• Kyodo


Canada has urged China to release two high-profile Canadian detainees and grant clemency to several other Canadians sentenced to death by Chinese courts, the Canadian Foreign Ministry said Wednesday.

Foreign Minister Francois-Philippe Champagne told his Chinese counterpart Wang Yi during talks in Rome on Tuesday that the cases of former diplomat Michael Kovrig and businessman Michael Spavor remain a top priority for the Canadian government.

Their arrests have been widely viewed as retribution for Canada’s detainment at the request of the United States of Meng Wanzhou, chief financial officer of Chinese tech giant Huawei Technologies Co, in late 2018.

“Canada continues to call for immediate consular access to Mr. Kovrig and Mr. Spavor.

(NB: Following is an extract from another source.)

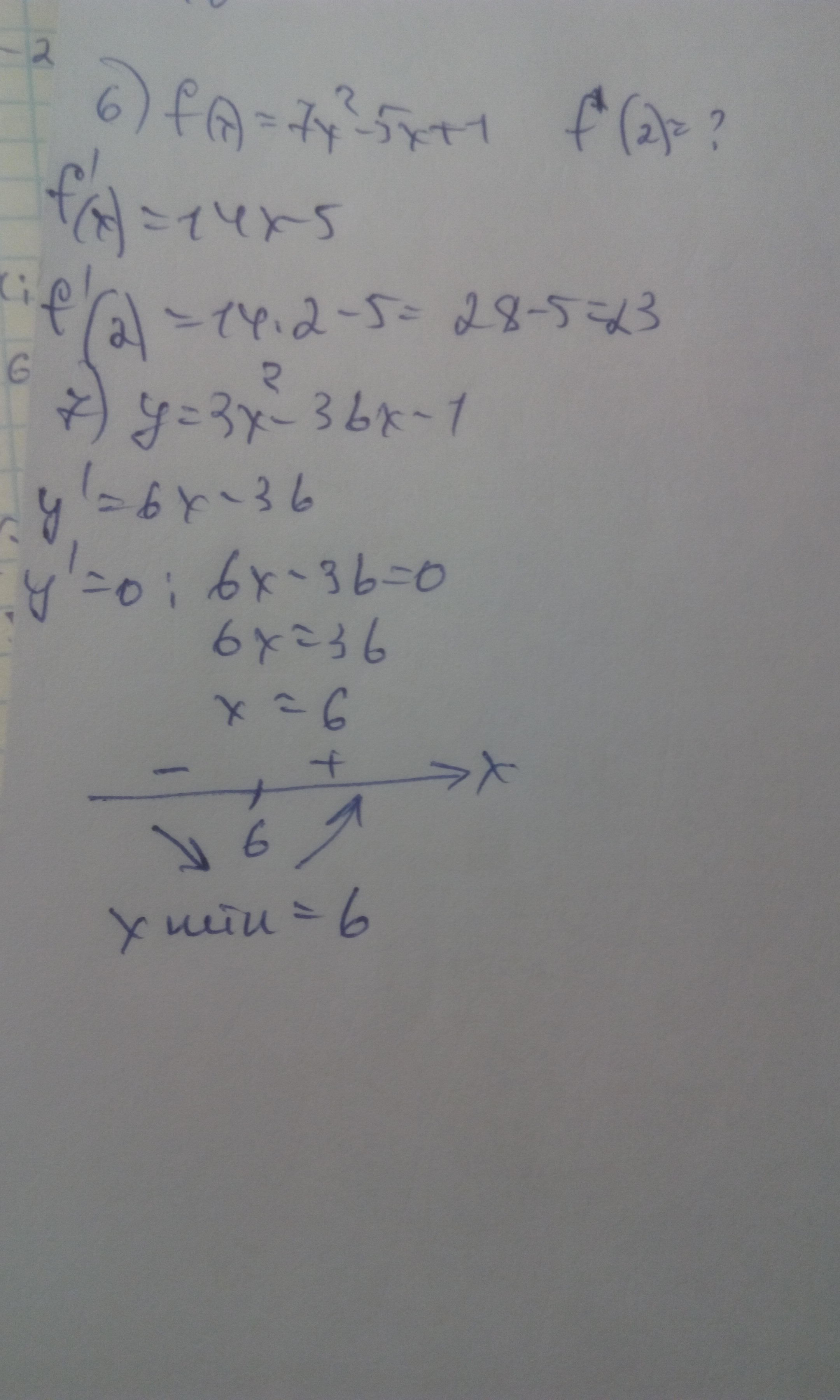 6)Найдите значения производной функции f(x)=7x в квадрате - 5 x +1 в точке

China’s actions are in violation of the Vienna Convention on Consular Relations,” Champagne said in a statement issued after meeting, which took place on the sidelines of Wang’s visits to Italy, the Netherlands, Norway, France and Germany.

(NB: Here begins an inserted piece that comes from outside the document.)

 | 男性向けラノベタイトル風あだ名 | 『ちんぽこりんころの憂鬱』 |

“Canada continues to call on China to immediately release both men and to grant clemency to all Canadians facing the death penalty in China. The minister also raised a number of areas of disagreement where Canada continues to make its positions very clear,” the statement read.

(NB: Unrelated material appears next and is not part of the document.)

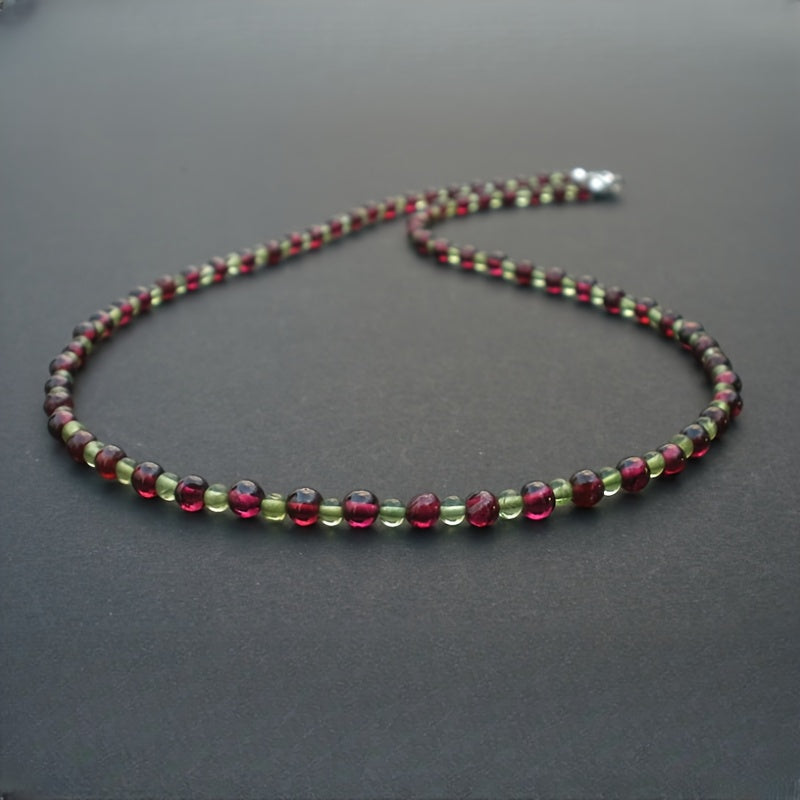 This peridot and garnet birthstone necklace features 3mm smooth beads in alternating red and green hues. The combination of peridot and garnet creates an elegant look perfect for daily wear or special occasions.

Wang said two countries have run into serious difficulties since Canada arbitrarily detained a Chinese citizen.

“The one who started the trouble should end the trouble,” he said in a statement issued by China’s Foreign Ministry.

“We hope the Canadian side will bear the gesture of a sovereign state and make a decision soon, getting rid of the main obstacle affecting the development of China-Canada ties.”

Without naming the citizen, Wang was apparently referring to Meng, who was detained in Vancouver in December 2018 and is awaiting extradition to the United States, which has targeted Huawei over perceived national security threats.

A Canadian Federal Court last week ruled against Meng, whose extradition trial is reportedly set for February, on her requests to see un-redacted documents from the Canadian spy agency related to her arrest.

China arrested Kovrig and Spavor shortly after Meng’s arrest. They were indicted in June for spying in China to obtain state secrets and intelligence.

Canada’s relationship with China has worsened following the reciprocal detentions, before it fell further after China imposed a national security law in Hong Kong, threatening freedoms and rights in the territory. Canada was among seven Western countries who subsequently suspended their extradition agreements with Hong Kong.